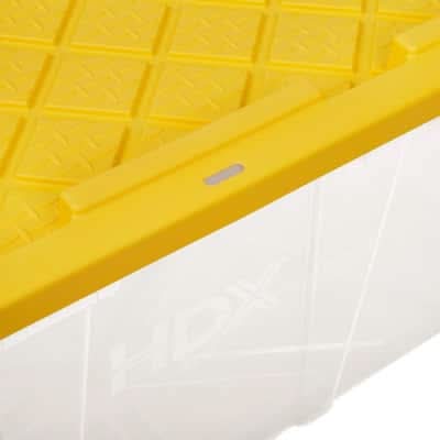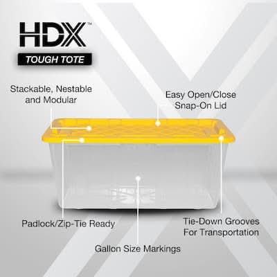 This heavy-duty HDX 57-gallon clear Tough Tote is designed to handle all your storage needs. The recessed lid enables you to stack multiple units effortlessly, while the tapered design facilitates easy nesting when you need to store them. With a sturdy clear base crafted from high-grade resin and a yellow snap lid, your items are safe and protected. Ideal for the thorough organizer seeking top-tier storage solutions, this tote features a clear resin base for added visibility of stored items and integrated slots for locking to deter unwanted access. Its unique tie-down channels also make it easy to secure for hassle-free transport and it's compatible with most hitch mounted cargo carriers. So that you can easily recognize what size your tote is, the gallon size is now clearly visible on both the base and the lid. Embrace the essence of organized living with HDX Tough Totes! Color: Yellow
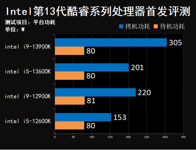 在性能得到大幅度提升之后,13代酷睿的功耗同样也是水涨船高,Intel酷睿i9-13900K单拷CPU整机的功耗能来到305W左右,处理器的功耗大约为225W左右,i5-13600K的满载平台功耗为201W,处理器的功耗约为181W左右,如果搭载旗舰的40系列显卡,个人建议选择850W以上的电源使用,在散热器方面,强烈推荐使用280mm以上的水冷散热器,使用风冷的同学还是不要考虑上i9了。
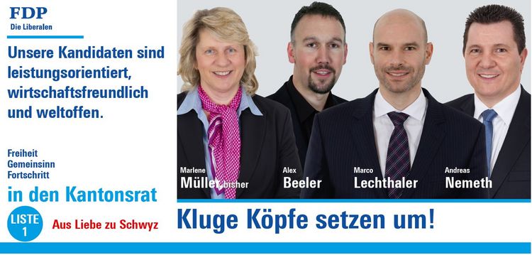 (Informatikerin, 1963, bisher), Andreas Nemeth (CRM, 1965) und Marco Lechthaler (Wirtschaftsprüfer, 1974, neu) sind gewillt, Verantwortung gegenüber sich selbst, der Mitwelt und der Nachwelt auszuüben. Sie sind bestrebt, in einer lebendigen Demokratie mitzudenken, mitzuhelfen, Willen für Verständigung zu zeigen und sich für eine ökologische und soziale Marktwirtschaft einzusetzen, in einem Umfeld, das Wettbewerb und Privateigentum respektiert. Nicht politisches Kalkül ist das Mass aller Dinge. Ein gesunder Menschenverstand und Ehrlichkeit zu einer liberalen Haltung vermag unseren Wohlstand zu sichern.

...

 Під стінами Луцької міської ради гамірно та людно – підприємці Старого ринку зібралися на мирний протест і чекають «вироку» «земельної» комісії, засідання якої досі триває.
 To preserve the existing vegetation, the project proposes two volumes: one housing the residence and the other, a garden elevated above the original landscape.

--

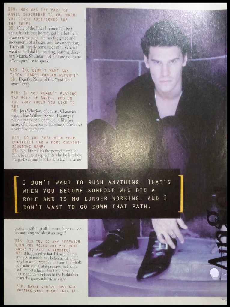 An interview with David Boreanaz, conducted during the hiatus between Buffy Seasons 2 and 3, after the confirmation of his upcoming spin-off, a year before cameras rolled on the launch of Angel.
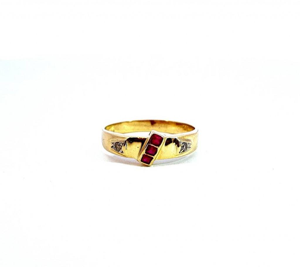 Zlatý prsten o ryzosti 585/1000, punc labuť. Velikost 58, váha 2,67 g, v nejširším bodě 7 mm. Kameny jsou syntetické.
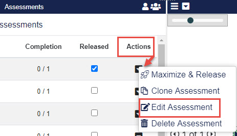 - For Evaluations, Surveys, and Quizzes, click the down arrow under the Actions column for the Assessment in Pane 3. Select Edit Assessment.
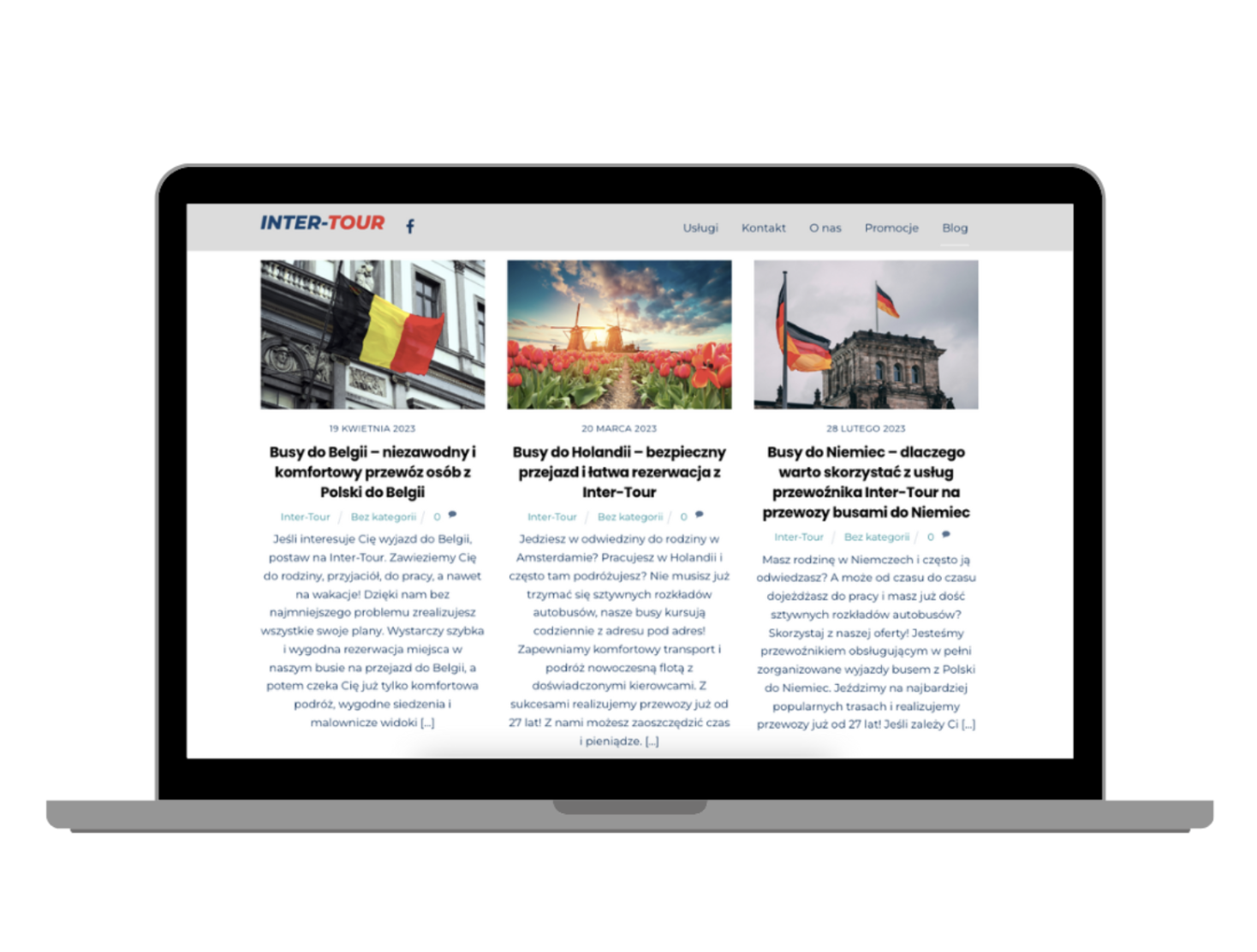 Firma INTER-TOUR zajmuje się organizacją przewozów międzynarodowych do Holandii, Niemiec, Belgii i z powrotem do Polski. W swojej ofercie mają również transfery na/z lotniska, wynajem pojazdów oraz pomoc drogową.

WHAT YOU ARE ASKED TO DO
What you write out is the stretch of entries from the line containing "Zlatý prsten o" to the line containing "- For Evaluations, Surveys, and", word for word, with both end lines and no pictures.

EXERCISE ANSWER
 Zlatý prsten o ryzosti 585/1000, punc labuť. Velikost 58, váha 2,67 g, v nejširším bodě 7 mm. Kameny jsou syntetické.
 - For Evaluations, Surveys, and Quizzes, click the down arrow under the Actions column for the Assessment in Pane 3. Select Edit Assessment.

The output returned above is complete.